Frankly, I have no idea. But, ever the optimist, I keep envisioning a graphic depicting the Descent of Motorist — from SUV to small car to hybrid to motorcycle to scooter to pawn-shop bicycle to Keds.

I’ve always been able to find that dark cloud surrounding the silver lining.*

* And yes, I know those front panniers should be swinging lower than an old man’s testicles over the toilet, but I didn’t have a low-rider rack that would work with disc brakes.

New year, same old dog

January 3, 2010

Today I managed a third consecutive day of outdoor cycling and field-tested my ability to fix a flat with a damaged digit. All is well. I froze my nuts off, true, but that’s nobody’s fault but my own for underestimating how much heat a fat bastard can generate riding a flat-bar cyclo-cross bike in subfreezing temperatures with a brisk north wind.

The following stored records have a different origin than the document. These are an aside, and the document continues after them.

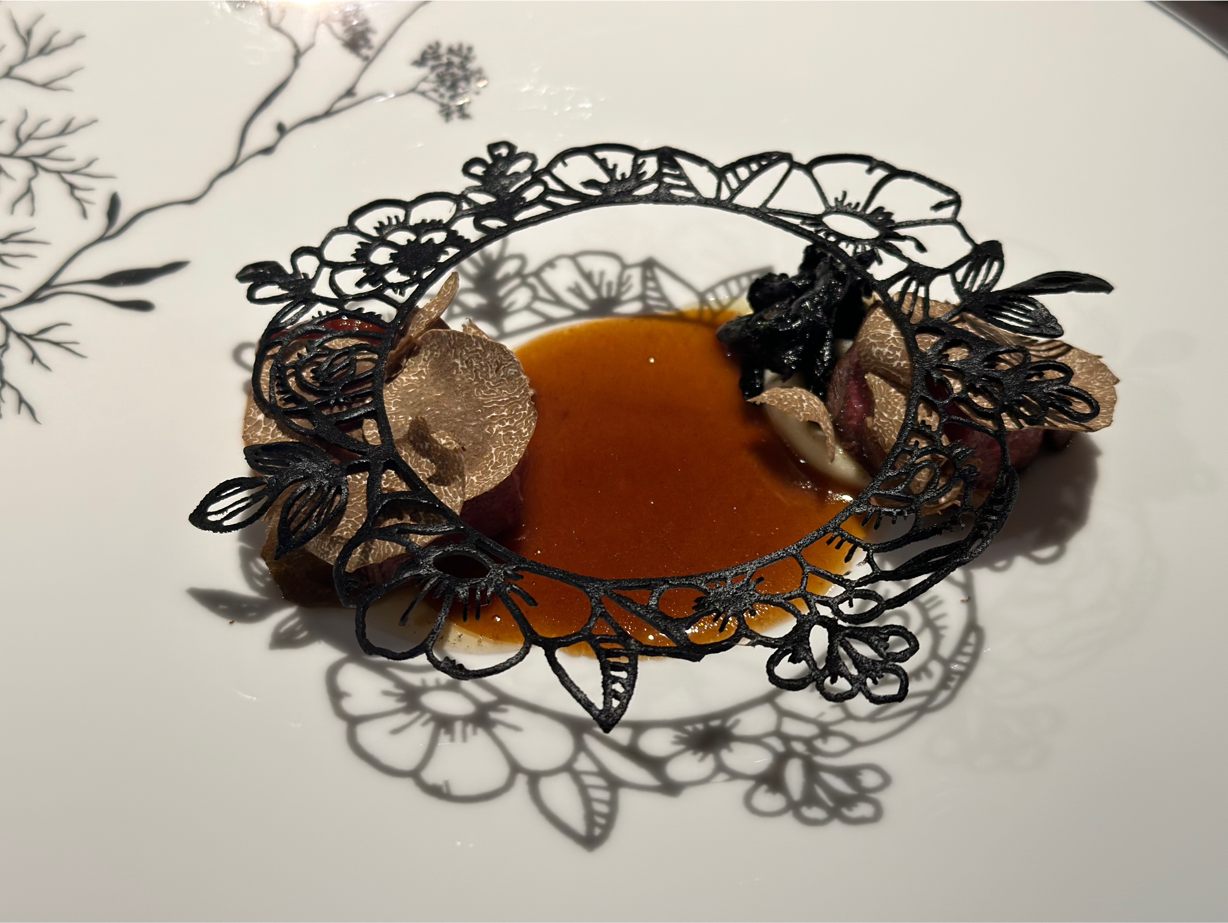 블랙트러플, 갈릭젤리, 페스츄리 스틱이 올라가 있는데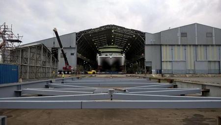 Report informs referring to the Caspian Marine Services, contract for the construction of the vessel was signed in June 2015. Construction started in October 2015 in parallel to the two shipyards. The front of the hull is made in the Balamban shipyard (Philippines), and the aft part of the hull built in Australia.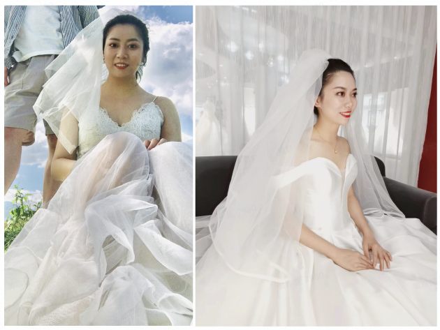 图说:大林拿出自己2019年10月拍婚纱照的照片(左),又对比着2020年7月婚礼当天的照片(右),整个肩颈的线条都得到了优化,躯体看起来更纤薄、轻盈了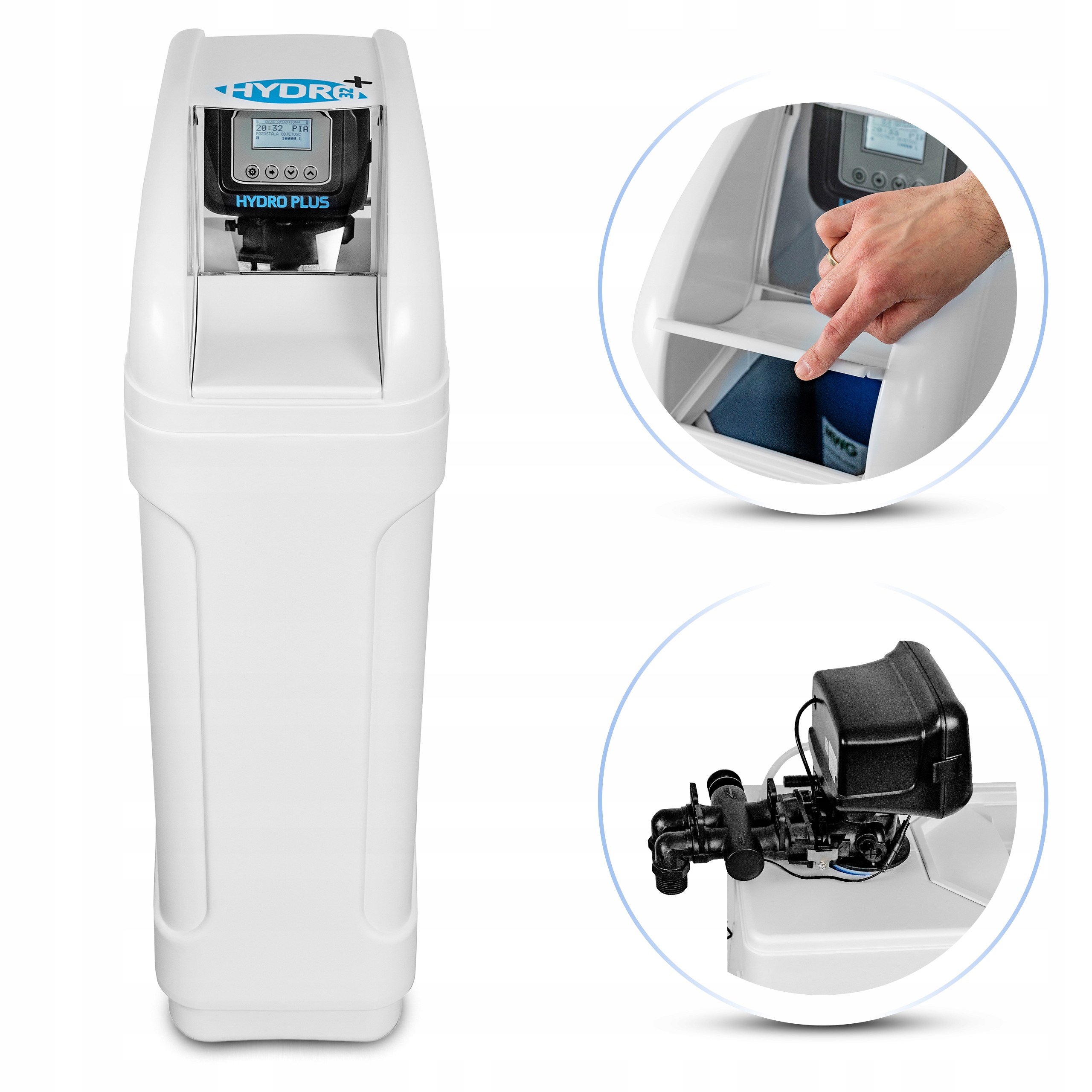 Оборудование Hydro Plus оснащено современным и полностью автоматический регулятор громкости Hydro Plus с большим экраном с подсветкой, встроенной сигнализацией низкий уровень соли, внутренний счетчик воды (возможна калибровка импульсов) и управление на языке польским. Возможность выбора одного из 6 видов регенерации слоя и ручной коррекциидлительность отдельных его циклов.

A windproof jacket would’ve been smart. Ditto full booties instead of toe covers. Hell, how ’bout staying indoors and drinking whisky out of the bottle? How many 55-year-old fat bastards do you know who are layering on the Lycra for a 90-minute ’cross-bike ride on a football Sunday when they could be in some warm pub drinking Clydesdale piss and sneaking peeks down the waitress’s blouse?

Yeah, I know. Plenty. And I was one of them. Because I am a dog with a mission — get fit enough to do the Adventure Cycling Association’s Southern Arizona Road Adventure in mid-March without embarrassing and/or killing myself.

Then I will write about it for Adventure Cyclist magazine, cash the check, and use the proceeds to buy warm clothing. Or whisky. Or both.

Sooooooooo-ee!

May 3, 2009
Don't let his sleepy expression fool you — this white guy can jump.

Don't let his sleepy expression fool you — this white guy can jump.

Could I have a mild case of the swine flu? A couple of women suggested today, after seeing me in Lycra, that I may have picked something up at the trough, as in a few too many porky pounds. And I’m married to one of them. The women, not the pounds, though of course we are close, too.

In fairness, I think Herself was just waiting for someone else to bring the subject up so she could do a riff on it, like Miles Davis and John Coltrane trading licks. It’s not as though we both had managed to overlook the fact that my girth has begun to challenge the design limitations of even the most expandable of fossil-fuel garments. When you can get an echo out of a guy’s belly button, and his kit size sports more Xs than a Jenna Jameson flick, that guy is a great fat bastard.

Call me old school. Back in the day, racers who had denied themselves various guilty pleasures throughout the long racing season (with the exception of Sean Kelly) often plastered on a few kilos during the off-season, knowing that they would either have to train them off come springtime or have Captain Ahab hunting them with harpoons, and not just for laughs, either.

So show me a little daylight and I’ll ride right through it. And before you know it, I’ll make Andy Schleck look like the Michelin Man. They say the first ton is the hardest.